= Problem =
Copy the lines below, word for word, from the first through the line containing "15,2°C, Oblačno. Slunce se schovává za opar.". Leave the pictures out.

= Material supplied =
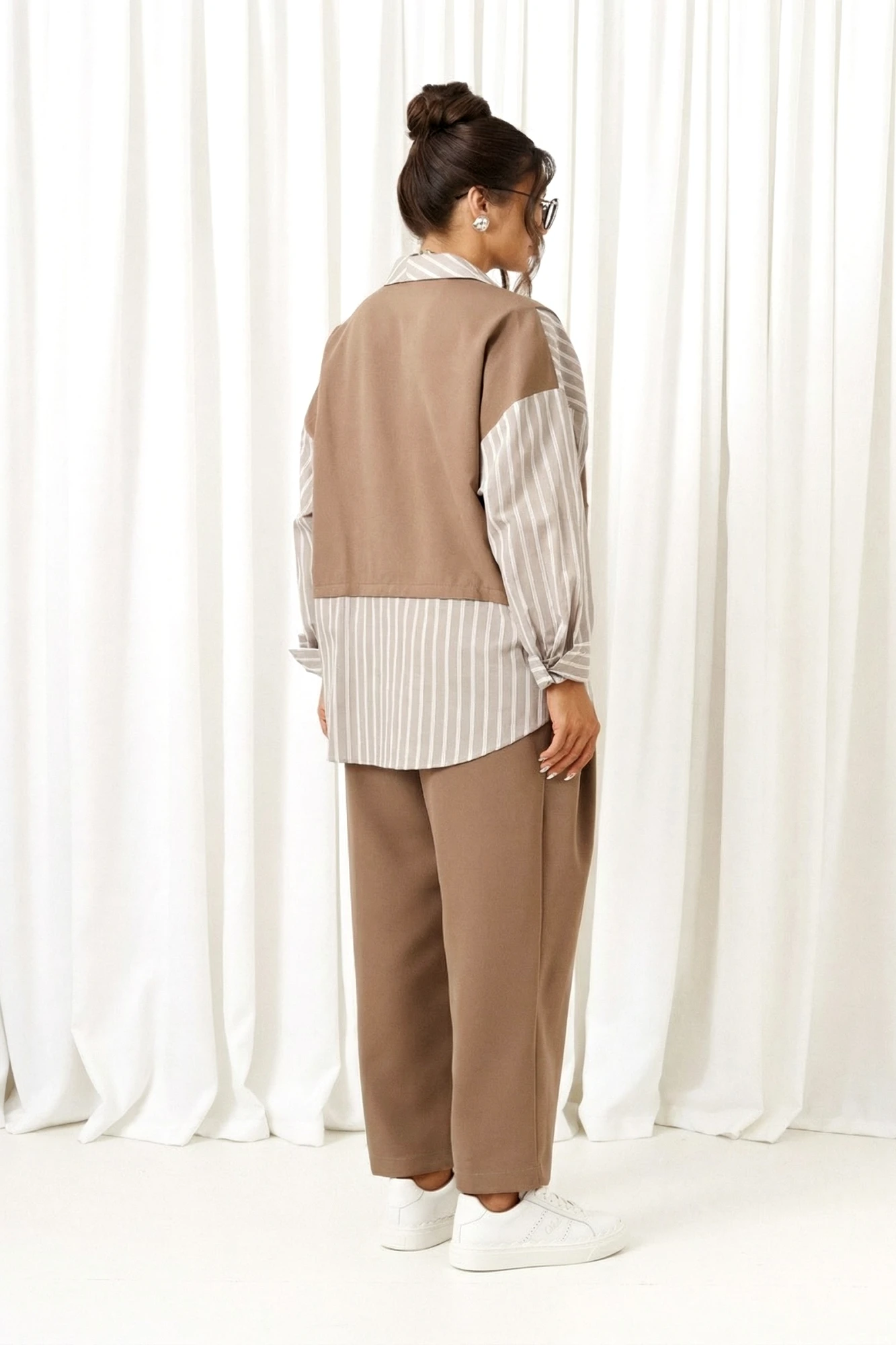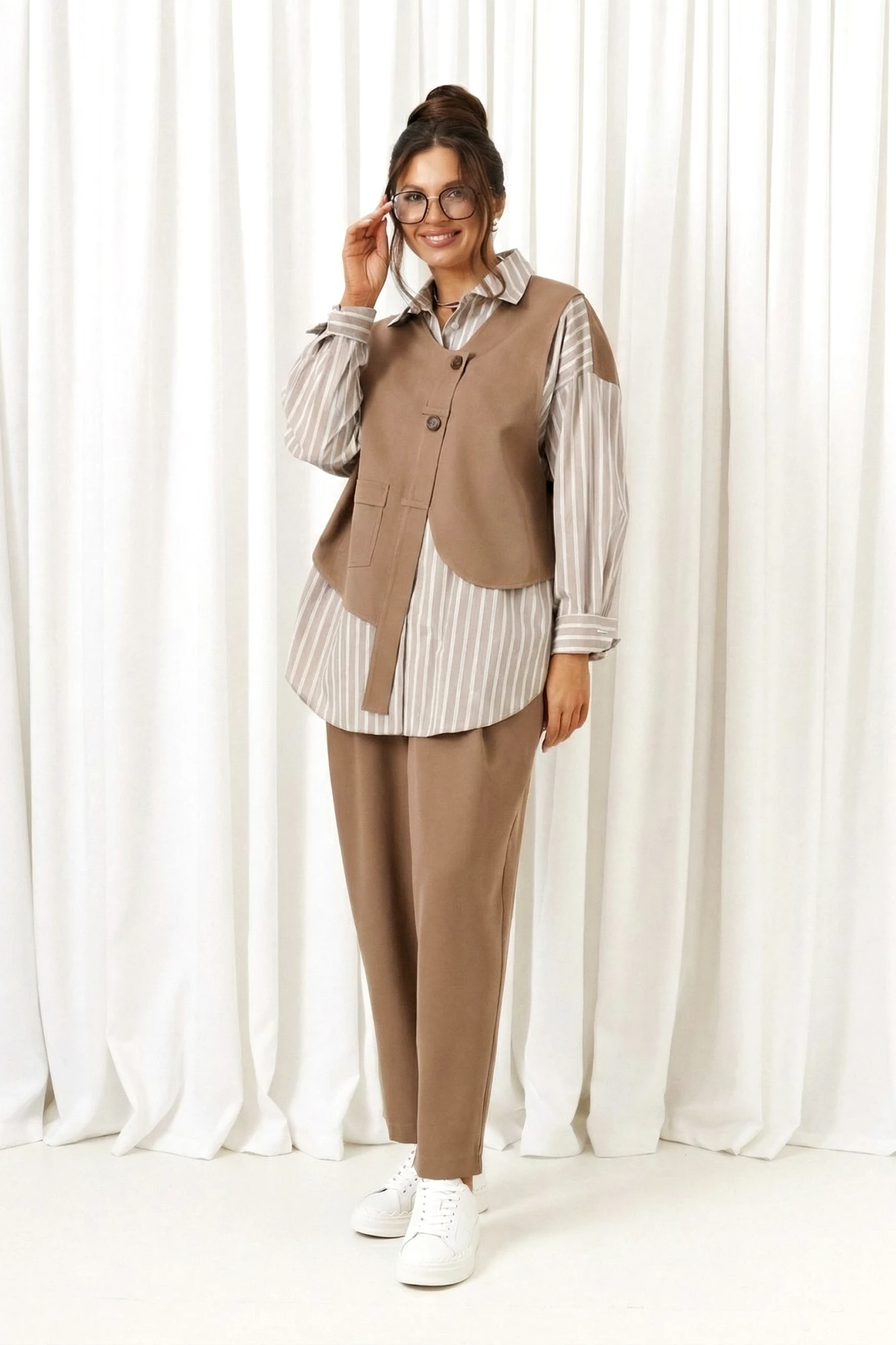 Брючный костюм Beautiful&Free 6439 двойка какао, полоска
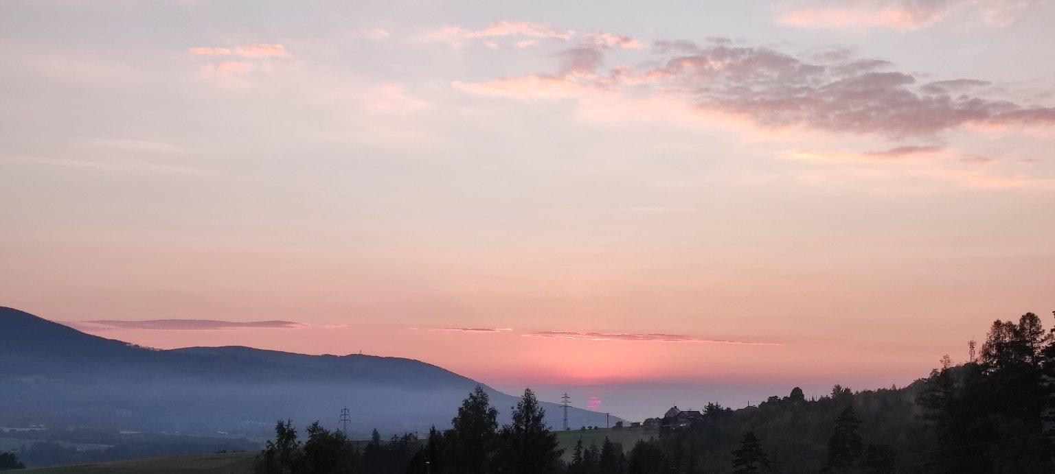 15,2°C, Oblačno. Slunce se schovává za opar.
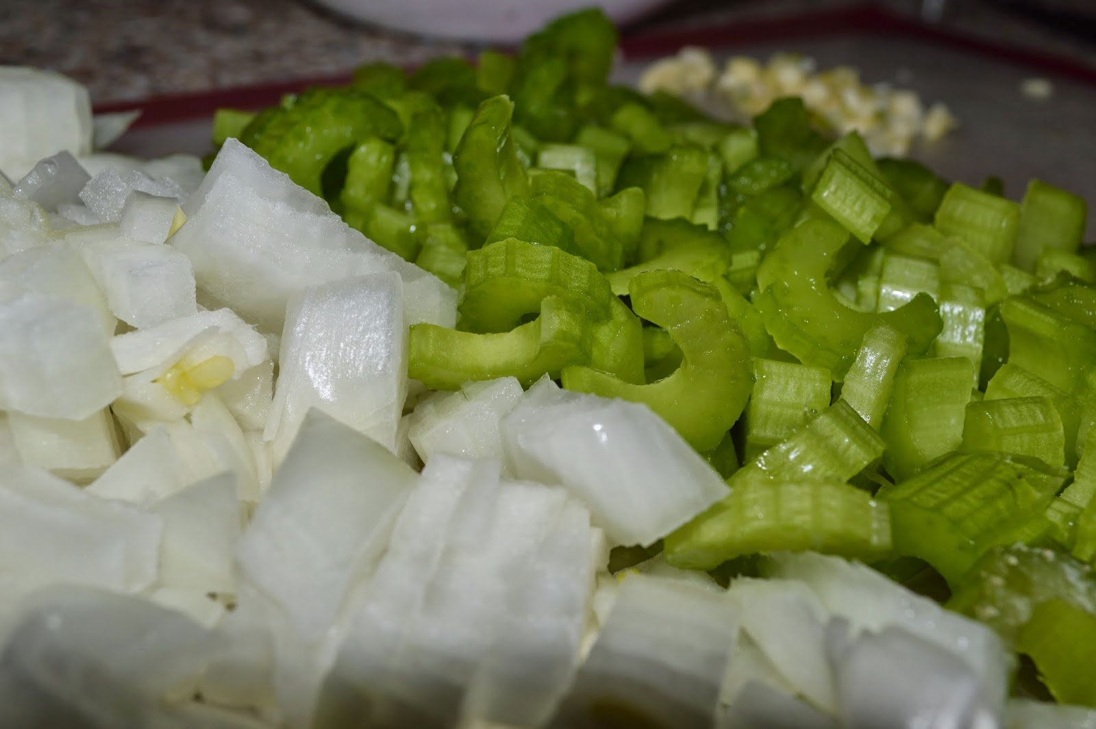 Then layer onion, celery and okra overtop. For a firmer okra add it 2 hours before cooking is complete. Or you can replace the okra with carrots. Liquid should just cover vegetables. Do not stir. Cook on low for at least 4 to 6 hours. Remove bay leaves and stir before serving.
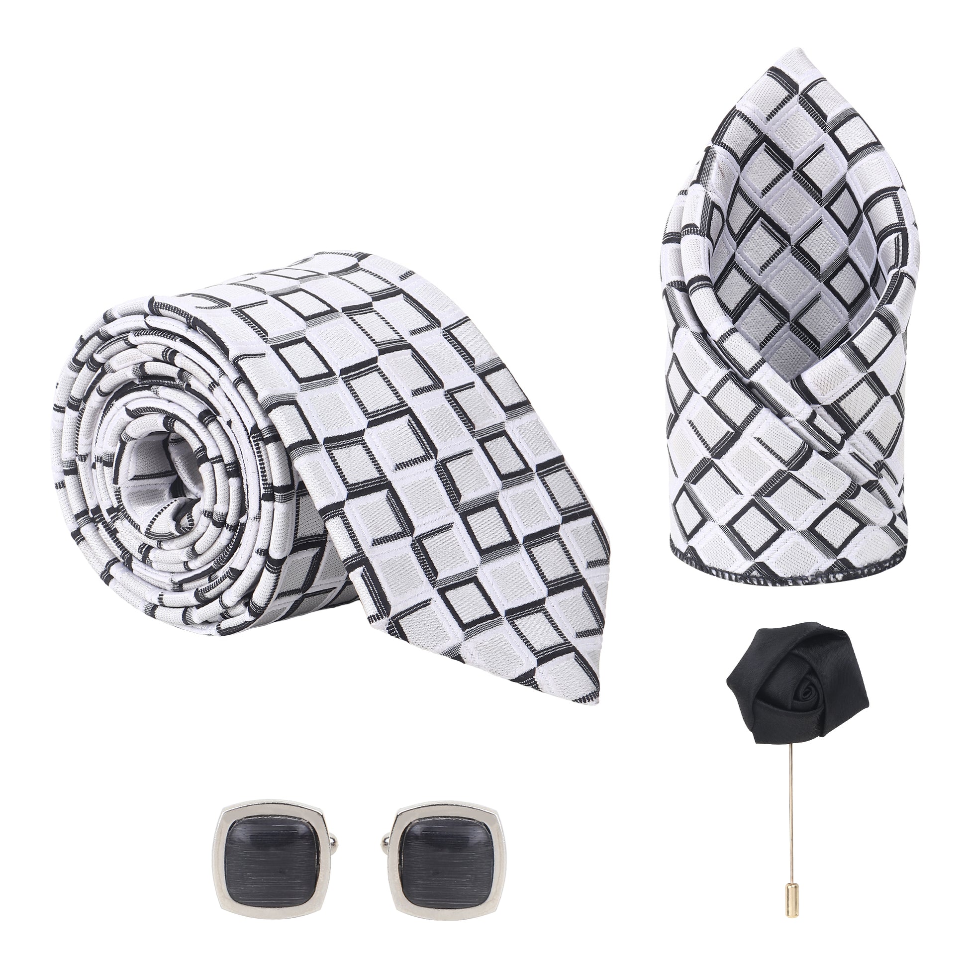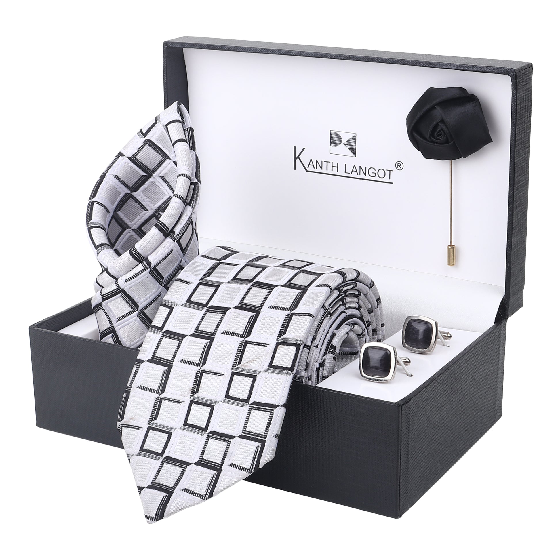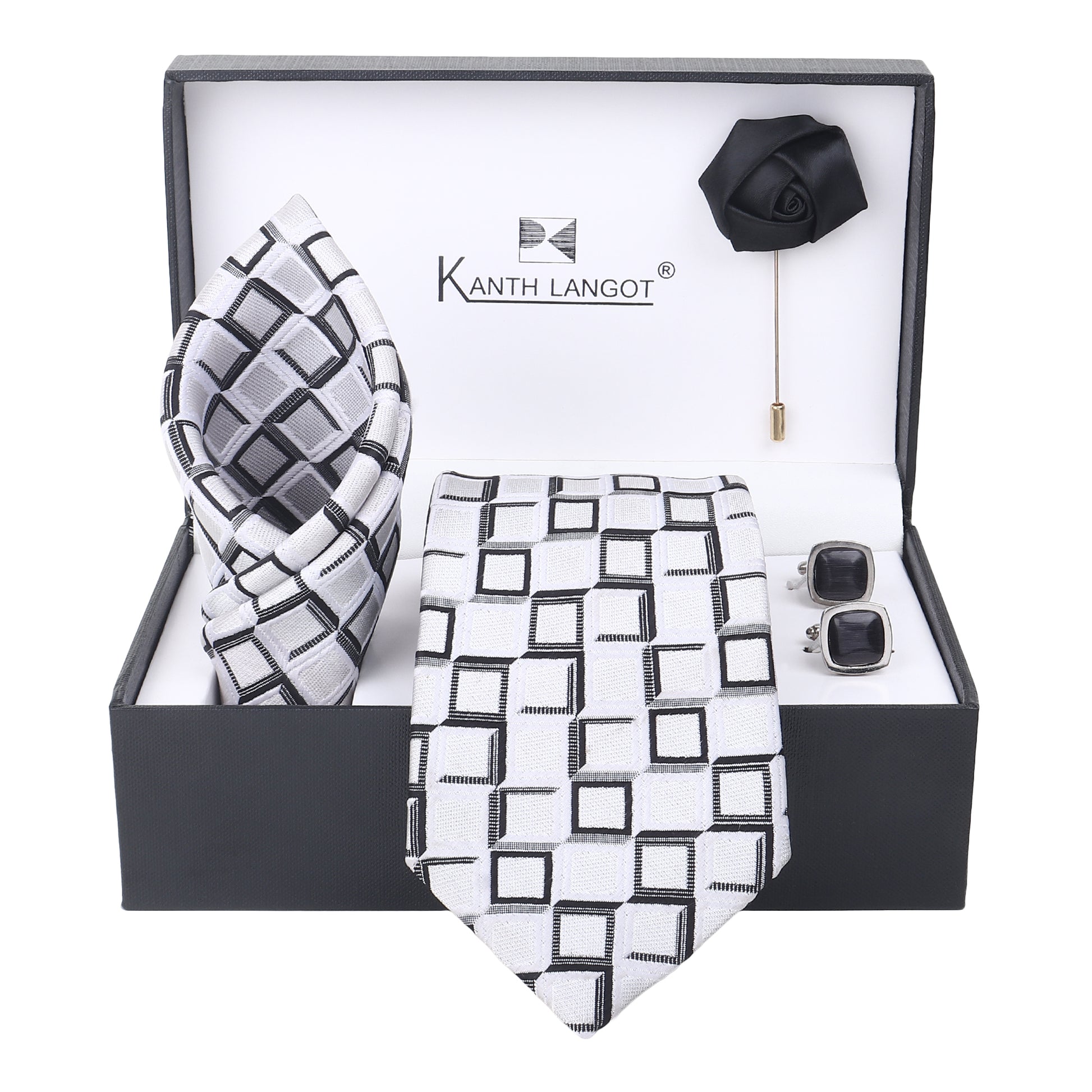 Kanthlangot White Square Check Tie Set with Black Border Cufflinks
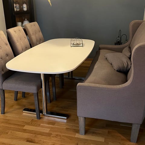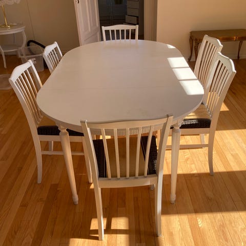 Jeg gir bort stoler. De har trekk, men det kunstige skinnet nederst er helt slitt

= Solution =
 Брючный костюм Beautiful&Free 6439 двойка какао, полоска
 15,2°C, Oblačno. Slunce se schovává za opar.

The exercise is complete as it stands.